◆ **Description of the task**
Repeat every line of the data exactly, but not the pictures.

◆ **Data section**

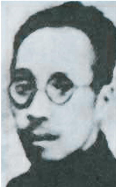
王荷波像(资料照片)。

据新华社福州5月10日电(记者刘娟)在众多为国捐躯的革命英烈中,王荷波的名字也许鲜为人知。然而,这位中国工人运动的先驱、中国共产党早期领导人之一,他的人生经历、他对中国革命的贡献、他“品重柱石”的共产党员本色却永垂青史。 王荷波,原名王灼华,1882年出生于福州。1916年,王荷波考入天津铁路南段的浦镇机厂。1922年6月加入中国共产党。不久,浦口党小组成立,王荷波是负责人之一。在他的组织领导下,很快成立了浦口铁路工会。王荷波严以律己,公私分明,从不乱花大伙一文钱,深得工人群众的信赖。在他40岁生日时,工友们送他一块大红绸,上面写有“品重柱石”四个大字。 1923年6月,王荷波赴广州出席党的第三次全国代表大会,并当选为中央执行委员。9月,王荷波被增补为中央局委员。1925年1月,王荷波在上海参加了党的四大,当选为中央候补执行委员。同年2月,王荷波当选为中华全国铁路总工会委员长;5月,当选为中华全国总工会执行委员。1927年3月,王荷波与周恩来、罗亦农等一道组织领导了上海工人第三次武装起义。5月,党的五大在党的历史上第一次选举产生了中央监察委员会,王荷波当选为首任主席。 1927年八七会议上,王荷波当选中央临时政治局委员,并担任北方局书记。会后,被派往北京领导北方党的工作,他拟定了工人武装起义计划,秘密建立北京总工会,发展会员。由于叛徒出卖,王荷波于10月18日被捕。11月11日,王荷波被军阀张作霖下令枪杀,壮烈牺牲,时年45岁。
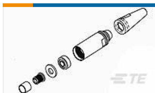
TE 产品编号1828700-1 CBL ADPT,PRO BEAM MINI PLUG 5.0 AL EPDM
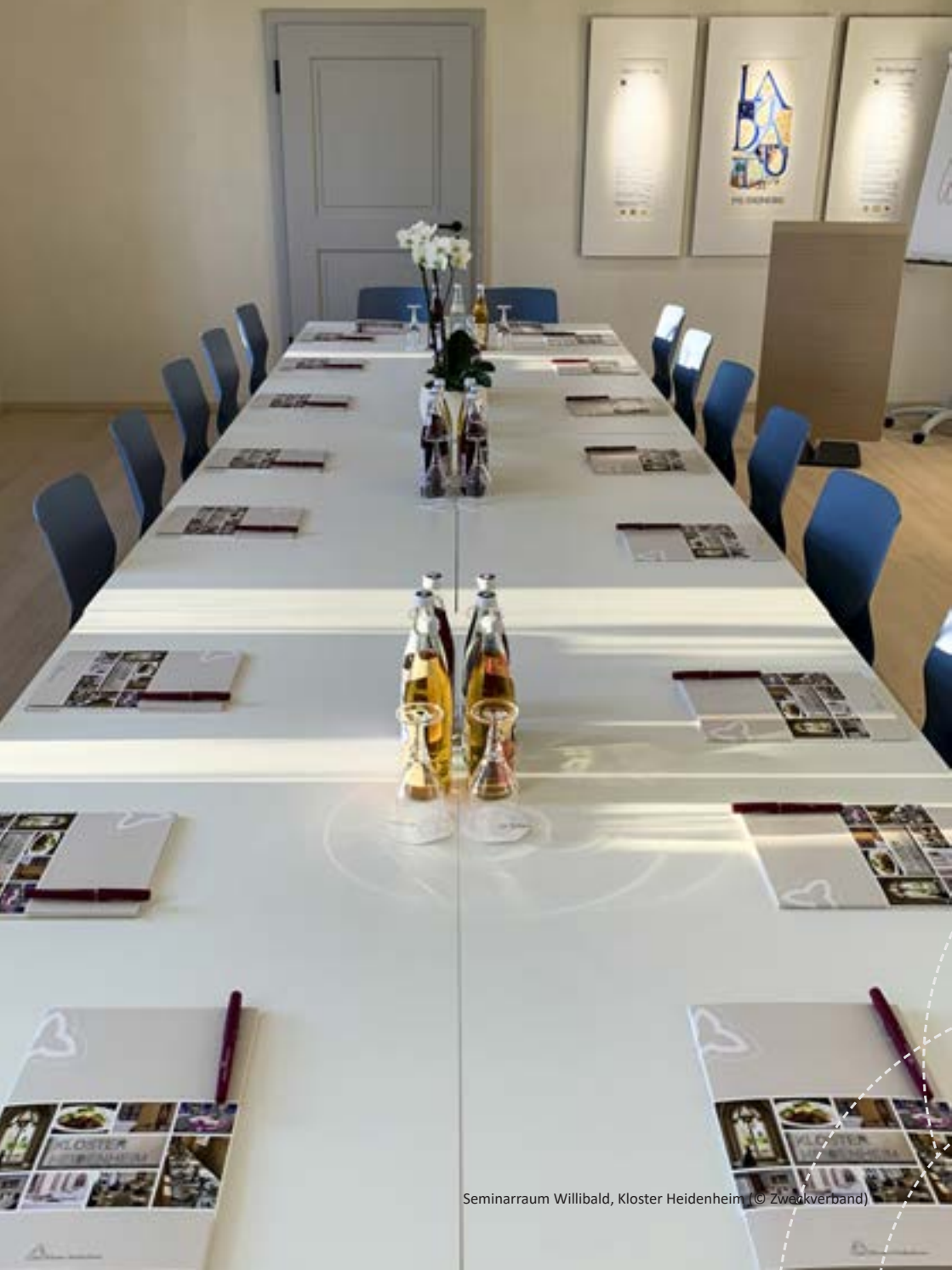
Seminarraum Willibald, Kloster Heidenheim

◆ **Exercise output**
王荷波像(资料照片)。

据新华社福州5月10日电(记者刘娟)在众多为国捐躯的革命英烈中,王荷波的名字也许鲜为人知。然而,这位中国工人运动的先驱、中国共产党早期领导人之一,他的人生经历、他对中国革命的贡献、他“品重柱石”的共产党员本色却永垂青史。 王荷波,原名王灼华,1882年出生于福州。1916年,王荷波考入天津铁路南段的浦镇机厂。1922年6月加入中国共产党。不久,浦口党小组成立,王荷波是负责人之一。在他的组织领导下,很快成立了浦口铁路工会。王荷波严以律己,公私分明,从不乱花大伙一文钱,深得工人群众的信赖。在他40岁生日时,工友们送他一块大红绸,上面写有“品重柱石”四个大字。 1923年6月,王荷波赴广州出席党的第三次全国代表大会,并当选为中央执行委员。9月,王荷波被增补为中央局委员。1925年1月,王荷波在上海参加了党的四大,当选为中央候补执行委员。同年2月,王荷波当选为中华全国铁路总工会委员长;5月,当选为中华全国总工会执行委员。1927年3月,王荷波与周恩来、罗亦农等一道组织领导了上海工人第三次武装起义。5月,党的五大在党的历史上第一次选举产生了中央监察委员会,王荷波当选为首任主席。 1927年八七会议上,王荷波当选中央临时政治局委员,并担任北方局书记。会后,被派往北京领导北方党的工作,他拟定了工人武装起义计划,秘密建立北京总工会,发展会员。由于叛徒出卖,王荷波于10月18日被捕。11月11日,王荷波被军阀张作霖下令枪杀,壮烈牺牲,时年45岁。
TE 产品编号1828700-1 CBL ADPT,PRO BEAM MINI PLUG 5.0 AL EPDM
Seminarraum Willibald, Kloster Heidenheim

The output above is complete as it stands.